BTW, do you reboot all 30 servers at the same time? If so, does rebooting them one-by-one lead to the same issue? You should take instabilities of the external power into consideration.

Yes, we have rebooted them one-by-one, wait 60 second to start next server, also lead to the same issue.

Today we enabled ECC and didn’t found this issue. We used vgpu 8.0 to test this issue.

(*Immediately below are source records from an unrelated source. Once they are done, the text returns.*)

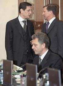 Председатель правления РАО "ЕЭС России" Анатолий Чубайс (слева) и его заместитель Сергей Дубинин…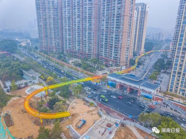 漳州首座“飄帶”人行天橋完成了主橋合龍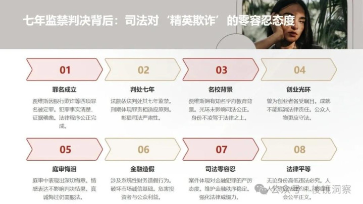 贾维斯案中,她本人的精英形象无疑为骗局增色不少——谁能想到一个常春藤毕业的美女学霸会铤而走险造假呢?这种心理盲区使得尽调人员可能对一些明显异常的数据放松质疑,或者轻信对方给出的解释。而实际上,学历和履历并不能保证人品和诚信,尽职调查还是得一码归一码地做。

Hi, these days, the server vendor is checking this issue. Huawei found the vbios version as following:

# nvidia-smi -q | grep -i bios
    VBIOS Version                   : 88.00.48.00.02
    VBIOS Version                   : 88.00.48.00.02
    VBIOS Version                   : 88.00.48.00.02
    VBIOS Version                   : 88.00.48.00.02
    VBIOS Version                   : 88.00.48.00.02
    VBIOS Version                   : 88.00.48.00.02
    VBIOS Version                   : 88.00.48.00.02
    VBIOS Version                   : 88.00.48.00.02

Do you know the newest vbios version ?
Thanks in advance.

Teslas AFAIK are all manufactured by PNY and they rarely to never publish any VBIOS updates and server manufacturers like Huawei should know first. So asking you that is a dud.

Hi, after update the vbios from 88.00.48.00.02 to 88.00.7e.00.03, this problem is disappeared. Thank you very much.